A hike on the end of the earth.
This hike was to one of the most remote places I’ve ever been. Tarrafal, where we’d been staying, is a town at the end of the road. It’s an absolutely gorgeous spot, with the ocean on one side and sky-high cliffs on the other. After the journey to just get to the remote island of Santo Antão in Cape Verde, we had to drive from sea level up to 5,000 feet and back down again just to get to Tarrafal. But, where we were about to hike to was even more remote. There are no roads to Monte Trigo, it’s only accessible by boat and by foot. So, in the morning, my family and I set out on a journey to the westernmost town in Africa, from Tarrafal to Monte Trigo.
We began by walking through the town of Tarrafal itself. Before we had even left the town, the road had begun to resemble Roman aqueducts, with cobbled stone and slotted ramparts bridging the gaps between deep valleys.
Once we left Tarrafal, we were totally isolated. There were no buildings or constructions besides the path we were walking on. However, we kept on running into cute goats that would wander around this desolate landscape.
The surroundings were striking, as we followed the winding path up, down, and side to side, as it forged a way through the steep cliffs that neighbored the coastline. Sometimes, we would come across canyons where we could imagine water might flow in the rainy seasons. Here, the trail would cut inland and go down to meet the valley, and then cut a course back up to meet the intended direction of travel.
My favorite one of these dips in the path was a dried riverbed with very steep, canyon-like walls on each side.

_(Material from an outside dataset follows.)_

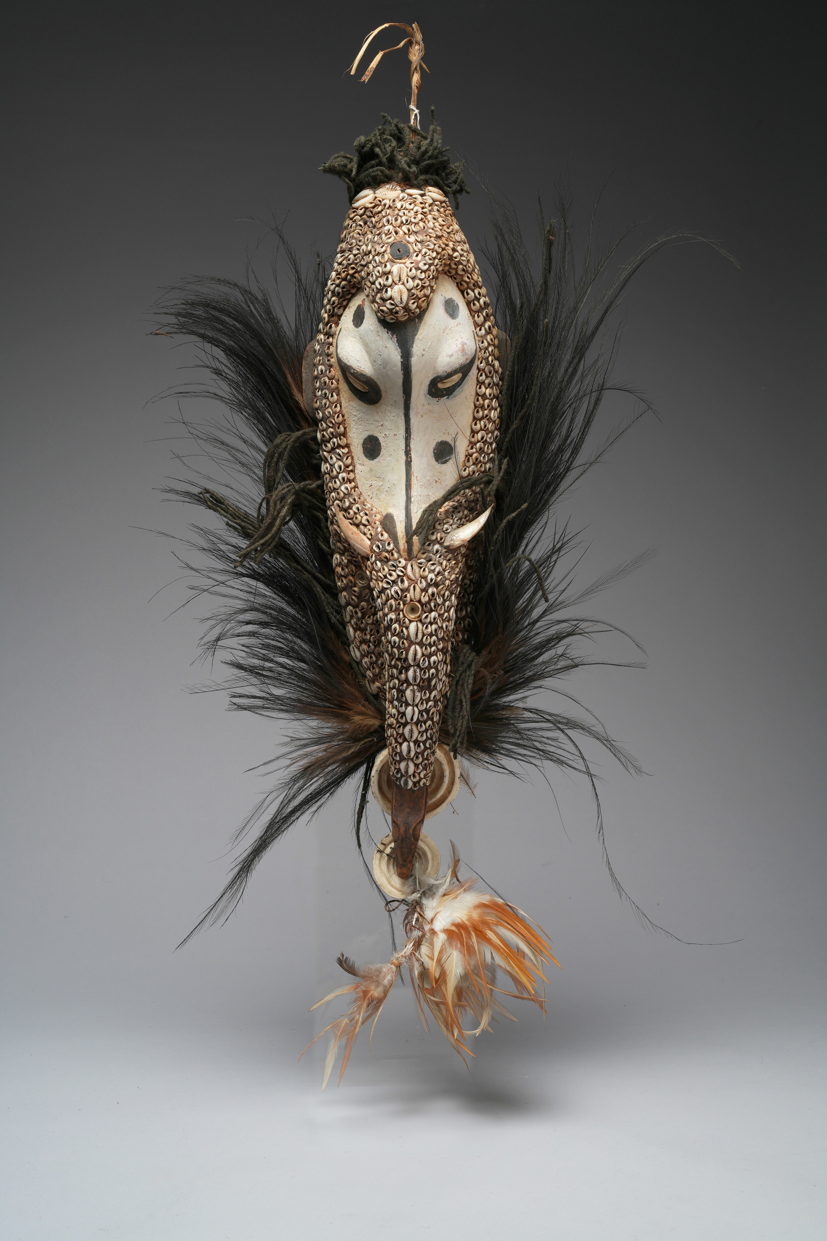 wood, clay, shells, cassowary feathers, fibre, the curved face with inset eyes, a long tongue under the longer scroll nose with a crocodile head terminal,

My brother Ty immediately ran into the canyon to see what it was like, and I followed. The river clearly flows fast here when it rains, because the rock walls were taller than us. He was only few steps ahead of me, but I still couldn’t see him because the turns of the canyon hid him from view. A very worthy detour!
Once we’d rounded a bend in the topography, we could see the striking Topo da Coroa, a dormant volcano and the highest peak of Santo Antão. The volcano dominates the landscape and it was humbling to be walking in its shadow. It continued to stay in our view for the rest of the hike, with the very summit obscured by clouds.

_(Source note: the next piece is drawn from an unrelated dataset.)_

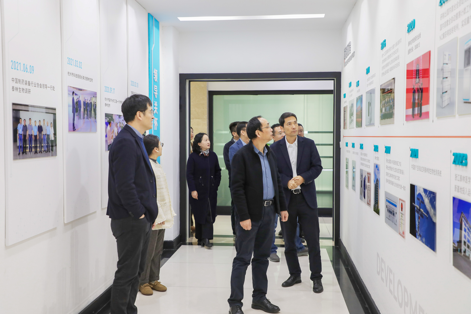 簽約結束后,在泰林生命科學副總經理徐磊的陪同下,南方水中心張東總經理一行參觀了泰林生命科學與泰林醫學工程兩個園區,詳細了解泰林水生態(微生物、寄生蟲和藻類)檢測整體解決方案創新與探索,并就水生態檢測領域的研發與場景化應用進行了深入交流,同時對泰林在制藥、新材料、環保、半導體等領域的應用與布局表示贊賞。

Hiking in the shadow of the towering Topo da Coroa volcano
As we neared the town, our attention was caught by a few donkeys in the path. One of them came right up to Ty, asking to be petted! They were all very friendly and it was a very cute addition to the hike.
After 3.5 hours, we’d made it to our destination, the small village of Monte Trigo. It definitely felt like we were at the end of the world, as we’d had to walk to get to here, the westernmost town in all of Africa. We were warmly welcomed, with the occupants of the first building we saw welcoming us to their patio for some refreshing water and menus. We obliged, as we were happy to be finally sitting in the shade! They only had two things on the menu, chicken and fish, so we got two of each and waited for them to prepare it. It was clearly a home, and these kind people were doing their best to chef up a meal for us! We even saw them coming back from town with carrots and fish that they had clearly just bought for our meal. When the food came out, we were happy to see that they’d made everything in heaping portions! The food was great, and we felt very at home in Monte Trigo.
After finishing up grub, we were ready to see the rest of the town. This took just a minute as it’s not a large settlement at all! We passed by a few houses and the trailhead for the second part of the Santo Antão Precurso Principal, which takes you up behind the Topo da Coroa. I hadn’t read anything online about this string of hikes before getting here, but the maps around Santo Antão are really well made and if I ever come back, I will definitely attempt this thru-hike!
At the beach, there were some fishermen that we’d met the night before that were waiting for us, so that they could take us back to Tarrafal by boat. Monte Trigo doesn’t get many tourists, so they were happy to have the business, and three guys helped out as we got into the small wooden boat, powered with a small motor. Once on the boat, it was just us with a local, and he kept the boat steady over the 50-minute journey back to Tarrafal. It was amazing to be able to see the hike from a different perspective, marveling at how it cut through the steep cliffsides and winded through canyons.
Back in Tarrafal, there was once more a crew of three guys waiting on the shore to help get the boat through the surf. This ocean was no joke and their help was definitely needed to get us safely to shore. We were happy to be back at Mar Tranquilidade, the quaint hotel where we spent three wonderful nights, eating our fill of fresh fish and delicious food at the buffet-style dinner!